Voilà bien longtemps que nous n’avions eu pareil récit. Depuis Cette odeur-là (du même auteur, par chez Actes Sud, en 1992) pour être précis. Comme son grand frère, ce roman poignant est bâti sur une multitude de détails qui permettent en quelques lignes de dépeindre un décor et, surtout, une atmosphère : un quotidien, à la fin des années 1940, dans une frange de la population qui frise l’extrême pauvreté, mais dont l’habile débrouille permet de continuer à rêver que la vie ira en s’améliorant ...
Le narrateur vit avec son père – avec qui il partage le même lit – dans un minuscule appartement à l’ameublement austère. Ce père omniprésent et très âgé qui tente de le mener vers l’adolescence en évitant les mille pièges de la vie qui se découvrent à chaque instant. Vie qui comporte aussi son panel d’interdits, de tabous et ses codes invisibles mais si importants ... Ainsi, le jeune garçon en sera réduit à épier la voisine qui s’épile au sucre, le voisin qui ne rentre pas tous les soirs ou encore à tenter de débusquer les livres interdits dans la bibliothèque communautaire pour parvenir à ses fins. Grandir et comprendre pourquoi ce monde des adultes paraît si lointain mais si attirant, si étrange mais aussi effrayant …
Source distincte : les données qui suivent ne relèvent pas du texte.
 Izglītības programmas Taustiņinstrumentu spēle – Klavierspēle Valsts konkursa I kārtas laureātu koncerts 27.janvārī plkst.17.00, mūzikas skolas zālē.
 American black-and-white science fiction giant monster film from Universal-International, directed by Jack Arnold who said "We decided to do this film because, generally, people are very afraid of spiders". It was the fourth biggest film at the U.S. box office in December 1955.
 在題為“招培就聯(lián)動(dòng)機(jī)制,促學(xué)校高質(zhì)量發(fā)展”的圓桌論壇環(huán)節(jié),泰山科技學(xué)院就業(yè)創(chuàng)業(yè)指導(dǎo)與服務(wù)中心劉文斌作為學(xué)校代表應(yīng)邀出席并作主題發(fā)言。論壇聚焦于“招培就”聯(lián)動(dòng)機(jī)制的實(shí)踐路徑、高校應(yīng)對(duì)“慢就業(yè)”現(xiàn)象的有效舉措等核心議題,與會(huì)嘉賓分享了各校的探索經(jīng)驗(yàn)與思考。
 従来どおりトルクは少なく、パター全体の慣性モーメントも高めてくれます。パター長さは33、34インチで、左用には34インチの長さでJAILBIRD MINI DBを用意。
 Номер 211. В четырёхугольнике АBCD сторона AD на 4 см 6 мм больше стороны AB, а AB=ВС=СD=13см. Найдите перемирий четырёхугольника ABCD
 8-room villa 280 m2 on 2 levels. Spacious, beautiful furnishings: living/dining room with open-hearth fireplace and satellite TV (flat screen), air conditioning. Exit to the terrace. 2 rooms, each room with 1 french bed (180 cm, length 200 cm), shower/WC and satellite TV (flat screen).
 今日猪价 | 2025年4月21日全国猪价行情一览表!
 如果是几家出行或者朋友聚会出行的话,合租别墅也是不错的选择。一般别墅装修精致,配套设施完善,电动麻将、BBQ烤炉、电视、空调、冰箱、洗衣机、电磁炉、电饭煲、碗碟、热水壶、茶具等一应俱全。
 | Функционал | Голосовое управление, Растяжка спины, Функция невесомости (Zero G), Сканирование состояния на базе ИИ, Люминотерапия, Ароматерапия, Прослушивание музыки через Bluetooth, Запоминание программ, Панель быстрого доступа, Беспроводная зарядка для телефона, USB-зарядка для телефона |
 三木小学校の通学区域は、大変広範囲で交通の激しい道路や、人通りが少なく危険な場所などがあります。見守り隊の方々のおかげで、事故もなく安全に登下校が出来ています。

Né en 1937, au Caire, Sonallah Ibrahim a connu les geôles égyptiennes dès 1959 quand le gouvernement entreprit les purges contre les mouvements de gauche. Libéré en 1964, il épousa le journalisme afin de se donner les moyens de quitter le pays. Longtemps correspondant à Berlin, il est depuis rentré au Caire où ses romans sont accueillis avec succès.
Cette dernière livraison peut aussi se lire comme un livre d’histoire ou une étude sociologique sur les us et coutumes d’une société égyptienne trop souvent laissée à elle-même. Porté par le regard candide de cet enfant, l’écriture précise et imagée offre une grande latitude pour se représenter très précisément ce que fut l’Egypte d’après-guerre.
Une œuvre puissante qui s’impose, loin des versions officielles et des images d’Epinal. Pour qui souhaite approfondir sa connaissance de la société arabe ou tout simplement découvrir d’autres cultures, il est un guide fidèle qui porte en lui une émotion intacte.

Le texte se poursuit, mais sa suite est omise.